The same might be said of Barack Obama. Although this isn't a depression, it feels close enough. And although Obama is no Roosevelt, his latest jobs initiative is an encouraging effort to generate growth, however feeble, in a sputtering economy that has left millions of Americans jobless and driven poverty to new heights. Details aside, the president's initiative is especially encouraging as a sign that the nation's leader may at last be laying aside his passivity when faced with hard problems and legislative animosity.
The president's plan, presented with welcome gusto before a joint session of Congress, is hardly radical; more than half the $447-billion cost would be for cutting payroll taxes paid by employers and employees alike, thereby temporarily lowering the cost of hiring and putting more money into the pockets of most people with jobs. The plan also includes a $4,000 tax credit for firms that hire the long-term unemployed, a group that is sadly all too numerous; $90 billion in spending on infrastructure and school modernization; and $35 billion to prevent the layoff of teachers, cops and firefighters. There is a tax break for business investments, an extension of jobless benefits, and help for Americans who want to refinance homes at record-low interest rates.

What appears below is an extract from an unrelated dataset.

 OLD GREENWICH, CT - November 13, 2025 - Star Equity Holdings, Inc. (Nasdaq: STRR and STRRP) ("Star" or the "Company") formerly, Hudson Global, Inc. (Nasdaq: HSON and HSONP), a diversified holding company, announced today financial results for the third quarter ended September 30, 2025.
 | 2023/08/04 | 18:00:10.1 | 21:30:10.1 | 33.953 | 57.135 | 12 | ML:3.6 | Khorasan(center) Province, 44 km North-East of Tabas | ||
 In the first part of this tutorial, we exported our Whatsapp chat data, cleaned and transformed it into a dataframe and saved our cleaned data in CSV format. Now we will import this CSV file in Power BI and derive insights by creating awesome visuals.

Let's be realistic: These programs won't catapult the economy back into healthy growth. But they will help millions of Americans while stimulating spending. And they signal to citizens and markets alike that the government isn't just sitting on its hands.

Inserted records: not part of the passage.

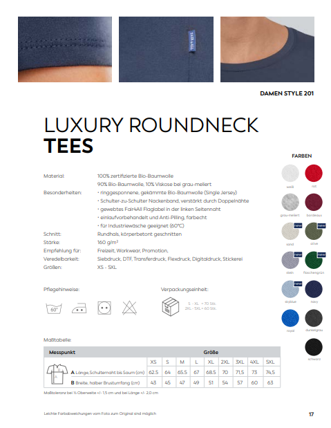 Damen Luxury Tees Individuell bestickt (zzgl. Stickerei)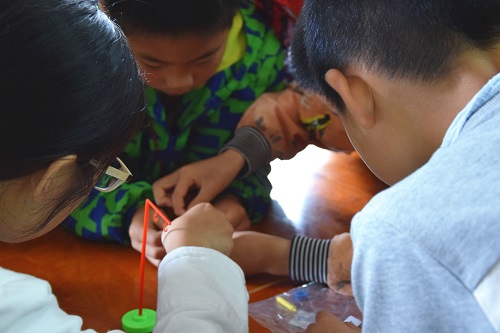 一日的活动由“大学微讲堂”开始,志愿者为小朋友们播放了涵盖南京邮电大学全景的视频,孩子们惊叫连连,眼中流露出渴望与向往。志愿者们坐在孩子们中间,鼓励他们说出自己的梦想。在孩子们期待的“科学微讲堂”中,志愿者就中国“新四大发明”:淘宝、支付宝、共享单车、高铁,为小朋友们作了极富趣味性的介绍。而后志愿者们和小朋友们一起,分组利用准备的实验材料,模拟了磁悬浮的原理,并体验了“地磁场”的存在。志愿者们也为小朋友们带来了惊喜,在进行无人机的构造与飞行原理的讲解后,现场为他们展示了无人机的飞行,并在高空为大家拍摄了合照。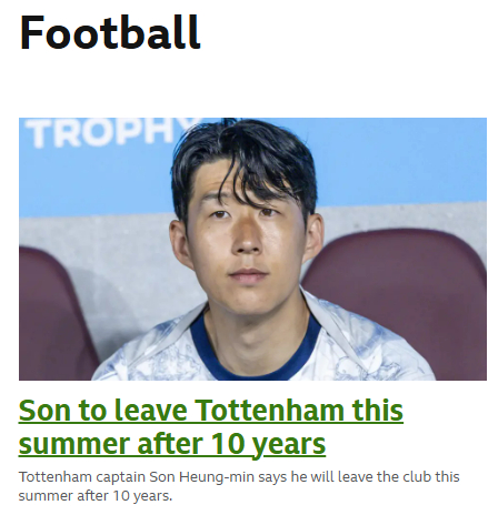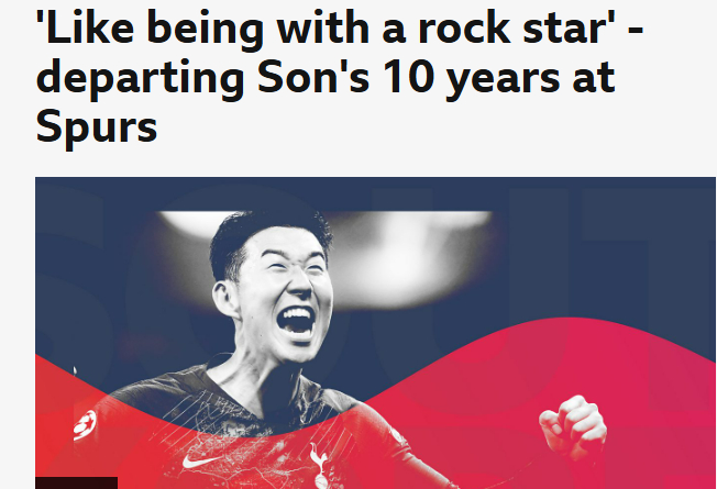 유력지 'BBC'도 손흥민에 헌사를 남겼다. "마치 록스타와 함께 있는 것 같다"며 "454경기에 출전해 173골을 기록한 손흥민은 토트넘에 온 지 10년 만에 새로운 무대로 나아간다"고 알렸다.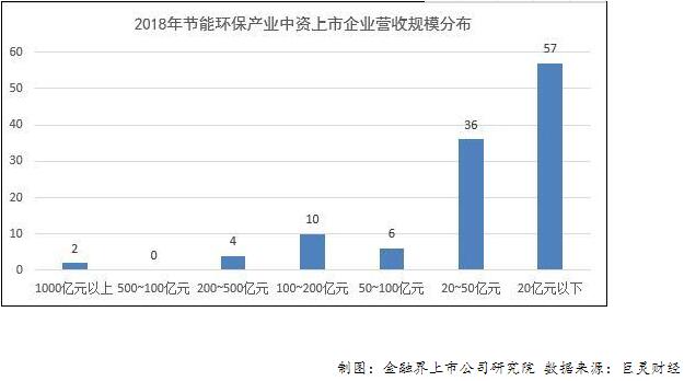 ? ? 在對截至4月30日已披露2018年營收數(shù)據(jù)的節(jié)能環(huán)保產(chǎn)業(yè)中資上市企業(yè)不同營收規(guī)模的企業(yè)數(shù)量情況進行分析的過程中,報告發(fā)現(xiàn),在節(jié)能環(huán)保產(chǎn)業(yè)中資上市企業(yè)中,營收規(guī)模在1000億元以上的有2家,營收規(guī)模在500億元~1000億元之間的企業(yè)數(shù)量為0,多數(shù)企業(yè)營收規(guī)模都在50億元以下。說明我國節(jié)能環(huán)保產(chǎn)業(yè)企業(yè)業(yè)務(wù)規(guī)模普遍較小,行業(yè)集中度不高。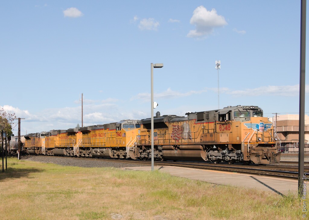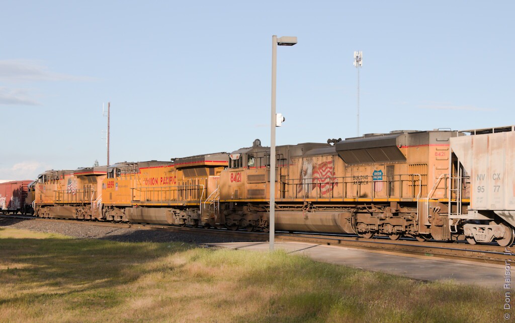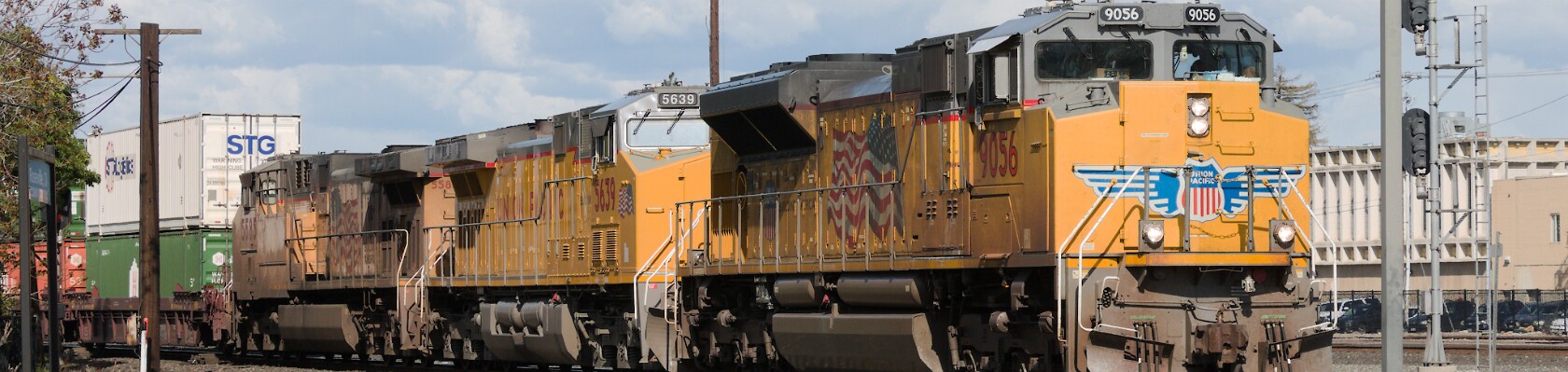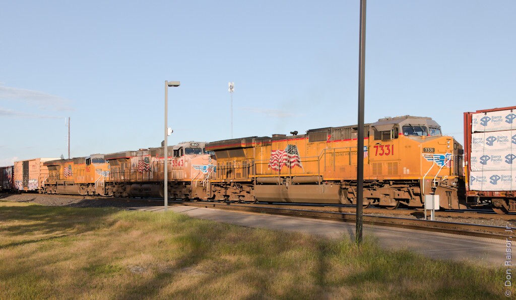 The Folsom Turn has shoved out of the City Yard onto main track two and is seen here waiting for MRVSP to cross over in front of it before it heads west.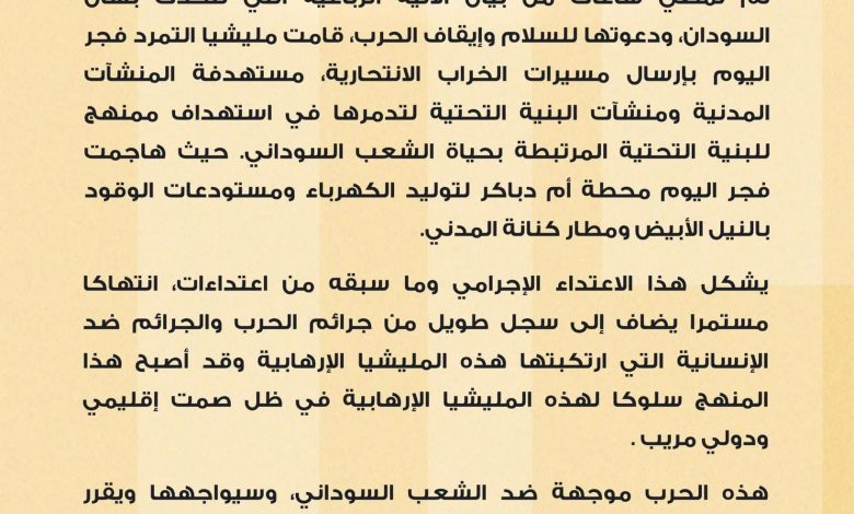 وذلك في استهداف ممنهج للبنية التحتية المرتبطة بحياة الشعب السوداني، وتابع : هذا الاعتداء الإجرامي وما سبقه من اعتداءات، تشكل انتهاكا مستمرا يضاف إلى سجل طويل من جرائم الحرب والجرائم ضد الإنسانية التي ارتكبتها هذه المليشيا في ظل صمت إقليمي ودولي مريب .

The question, of course, is how to pay for all this. The president proposes to do so in part by rolling back some tax breaks enjoyed by oil and gas companies and high-earners. Profit-based compensation known as "carried interest," for example, would be treated as regular income, resulting in higher taxes for hedge fund managers and the like.
House Republicans won't like all this, but the important thing is that they seriously engage the plan and work out a deal before the economy goes off a cliff. The level of suffering -- and the peril at the polls -- is too great for reflexive intransigence. Ideally the GOP will counter with a proposal for a larger bargain that could be hashed out by the so-called supercommittee, a bipartisan congressional panel that has until Nov. 23 to recommend $1.5 trillion in deficit reduction. A grand scheme for a larger long-term reduction should include lower income tax rates; an end to deductions and loopholes that fail every reasonable test of fairness and good sense; and sensible adjustments to entitlement programs so that future generations can enjoy Social Security and health care without driving the nation into bankruptcy.
Such a deal could produce both the short-term stimulus that the president rightly desires, and the longer-term reforms that are crucial to rein in deficits and set the stage for future economic growth. These reforms should warm the heart of any fiscal conservative, including the most ardent ones in the House. That Obama might just go along with such a deal is no reason for Republicans to reject it.